William D. Ruckelshaus was administrator of the Environmental Protection Agency under Presidents Richard M. Nixon and Ronald Reagan; William K. Reilly was the agency’s administrator under President George H.W. Bush.

CaliforniaGeo response—

Ruckelshaus and Reilly were there in the beginning, when our federal government got busy protecting the population from toxic pollutants in land, water, and air.  Congress (then, too) was perpetuating the will of business interests over that of citizens.

As the authors point out, toxicity to humans was the threat long before we were acquainted with the global reach of climate change.  Now that our choices are clear as to how to combat climate change, carbon-based businesses try the same fear mongering as historic corporate interests: auto manufacturing—(seat belts and catalytic converters make cars too expensive), tobacco companies—(erosion of personal liberty to smoke despite cancer cause uncertainty), and oil companies—(why remain at the whim of OPEC’s next embargo?)

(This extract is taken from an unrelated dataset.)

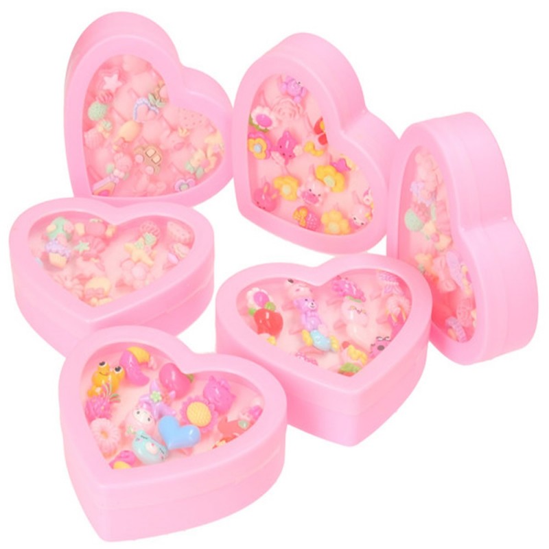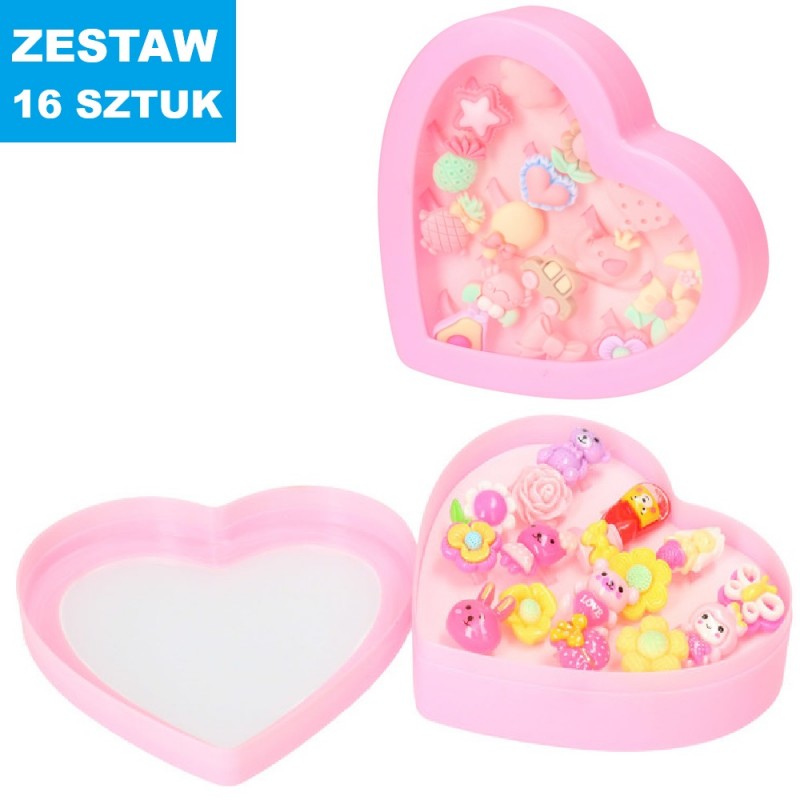 Zestaw pięknych pierścionków dziecięcych z regulacją w różowym pudełeczku w kształcie serca.

Political leverage has been applied to perpetuate certain business models, no matter what the environmental and social costs.  Climate change is like compounding interest—it gets more powerful over time, but the impact of a dollar in year 1 is far more powerful than a dollar in year 30.  Politics has prevailed over common sense and scientific certainty.  Ruckelshaus and Reilly know this, and have de-bunked the fear appeal of the self-interested parties who like burning coal with abandon.

Renewable thermal energy from the earth and radiation energy from the sun have always been our best bet, and these days, the infrastructure to capture it is cheaper than ever.

There is no downside to expanding the use of renewables.  The energy extraction industries of coal and other fossil fuels create more greenhouse gas and pollutants, reward an outdated business model, and threaten our economic and political security in the future with an expanding list of climate change disruptions.  Geo heat pumps can stop combustion, lower electric grid loads, save water, and keep us from the “heat island” effect of thermal power plants and conventional air conditioners.  They can be installed anywhere in the world to render these benefits and that process ought to accelerate!